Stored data
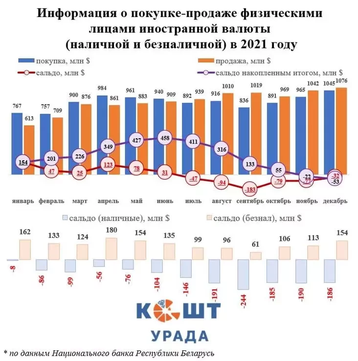 Нацбанк апублікаваў гадавую статыстыку куплі і продажу валюты. З яе вынікае недавер насельніцтва да дзяржаўных структур і няўпэўненасць у заўтрашнім дні. А што адбываецца, калі ў насельніцтва назапашваецца вялікая маса наяўнай валюты, разбіраецца тэлеграм-канал «Нашы грошы».
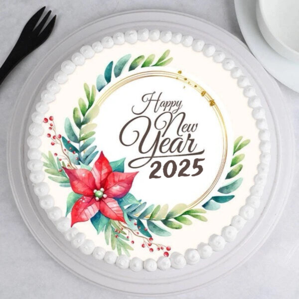 Celebrate the New Year with a delicious photo cake featuring layers of vanilla, red velvet, and chocolate. Perfectly frosted and decorated with festive accents, it’s a sweet and vibrant way to welcome 2025!
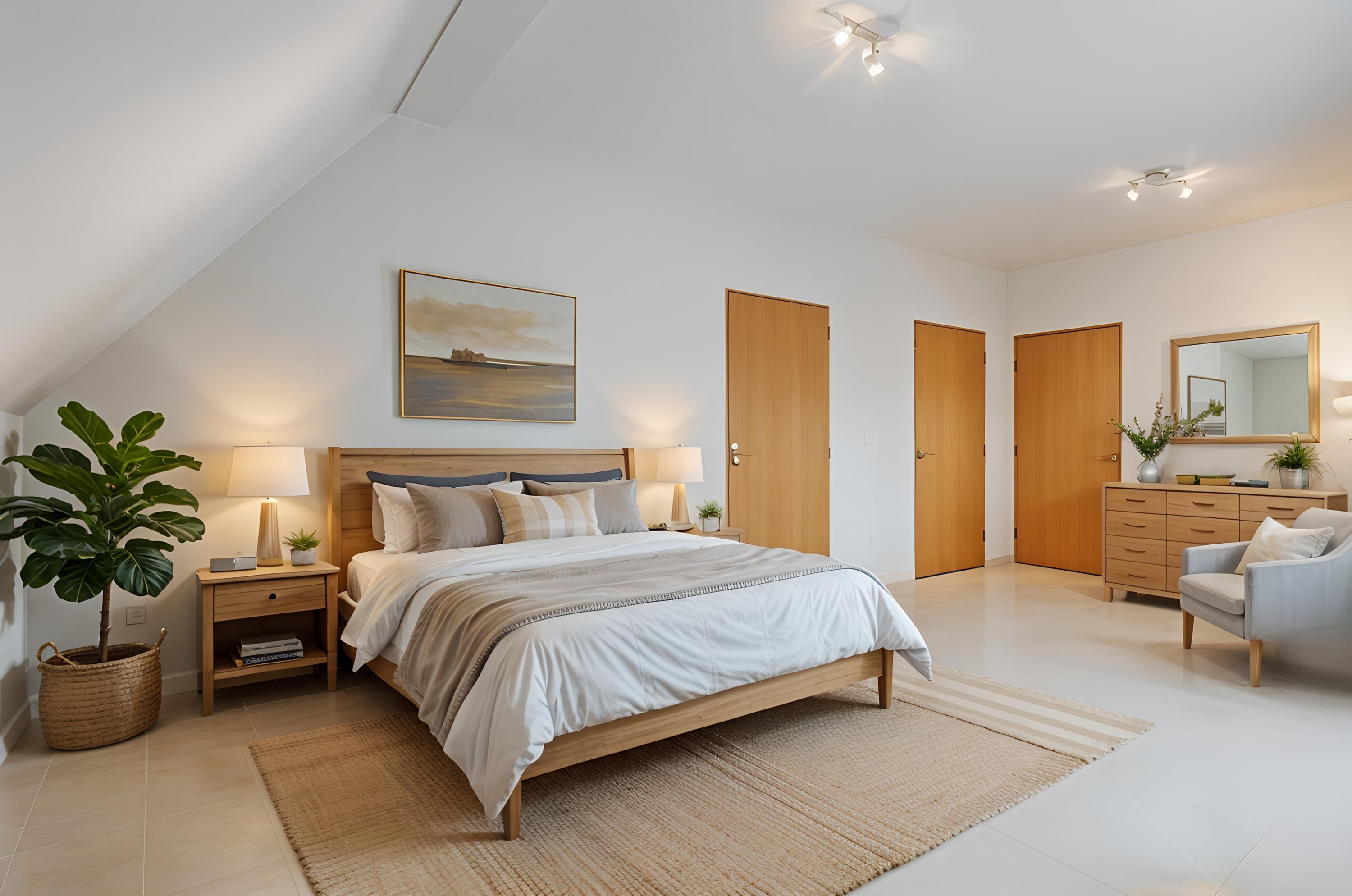 De hoofdslaapkamer beschikt over maatwerk garderobekasten, dubbele deuren naar het balkon en een luxe en-suite badkamer. Deze royale ruimte heeft een inloopdouche en een tweede douche met antislipvloer, ideaal voor minder valide bewoners. Ook is er een dubbel wastafelmeubel en een wandcloset aanwezig.
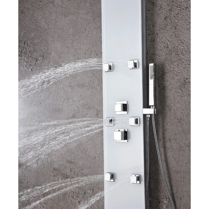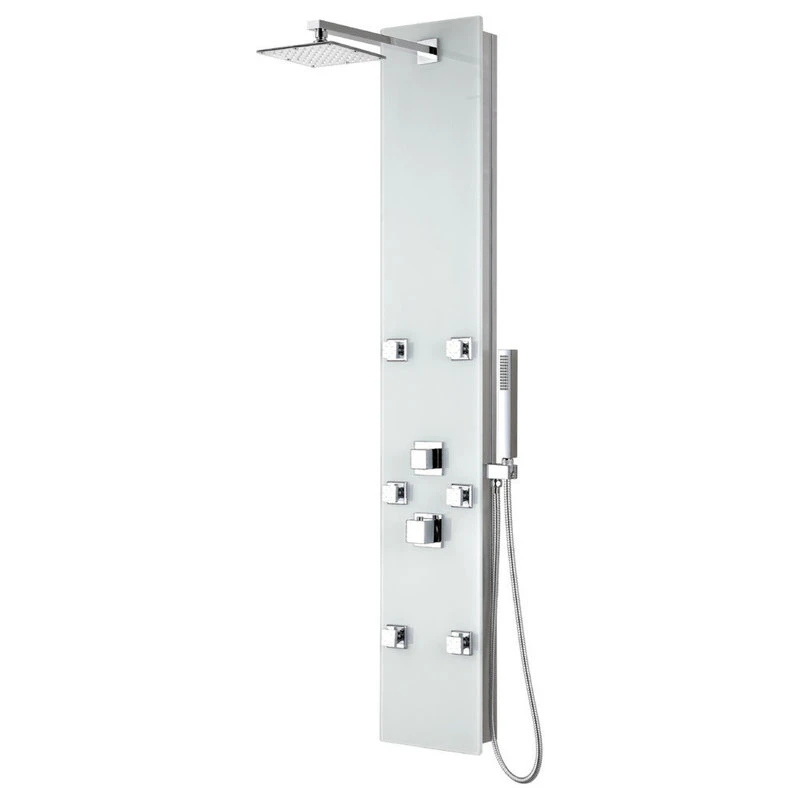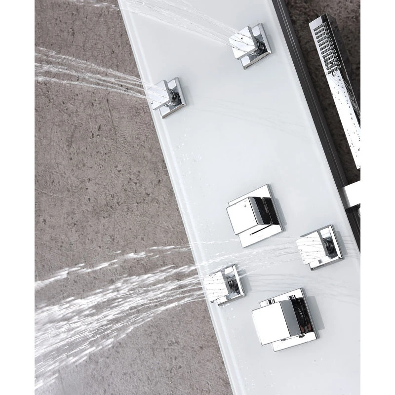 The ANZZI full body Rhaus shower panel features a modern laser cut Tempered Glass body with 6 Acu-Stream body jets provide a relaxing yet powerful water stream to massage the body. The Heavy Rain shower head hangs overhead releasing a steady torrent of soothing water from above. And finally, always positioned at the column’s flank is the Euro-Grip hand held sprayer with free reign reach of up to 60 inches. And everything is controlled through 2 chrome thermostatic and diverter controls.
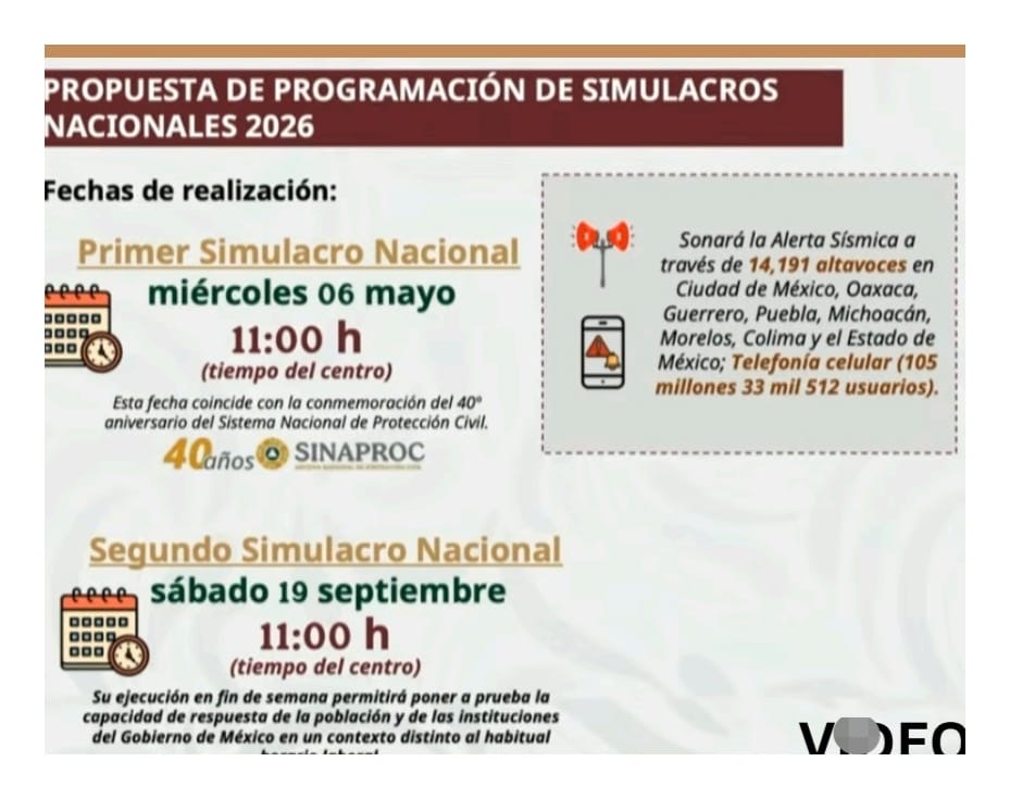 Asimismo, informó que este año se llevarán a cabo dos simulacros nacionales. El primero será el miércoles 6 de mayo a las 11:00 horas, tiempo del centro, en el marco del 40 aniversario del Sistema Nacional de Protección Civil.
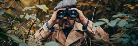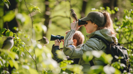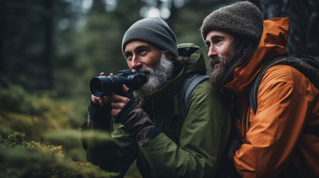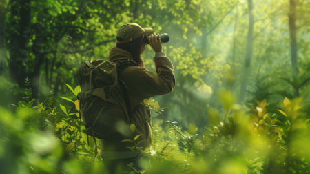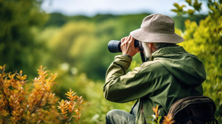 The picture of the bird watcher that has been searching for the birds with the binocular in the forest, the bird watcher require patience, knowledge of bird habits and the ethical awareness. AIG43.
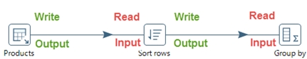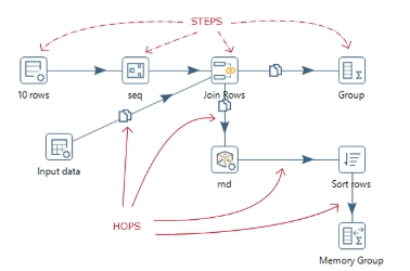 help you define the flow of the data in the stream. They represent a row buffer between the Step Output and the next Step Input, as illustrated in the below Transformation. Data flows from the Text file input step to Filter rows to Sort Rows, finally to Table output.

§ **INSTRUCTIONS TO FOLLOW**
Nothing but the lines above from the line with "Asimismo, informó que" up to and including the line with "The picture of" should be returned, exactly as written and without pictures.

§ **SOLUTION**
 Asimismo, informó que este año se llevarán a cabo dos simulacros nacionales. El primero será el miércoles 6 de mayo a las 11:00 horas, tiempo del centro, en el marco del 40 aniversario del Sistema Nacional de Protección Civil.
 The picture of the bird watcher that has been searching for the birds with the binocular in the forest, the bird watcher require patience, knowledge of bird habits and the ethical awareness. AIG43.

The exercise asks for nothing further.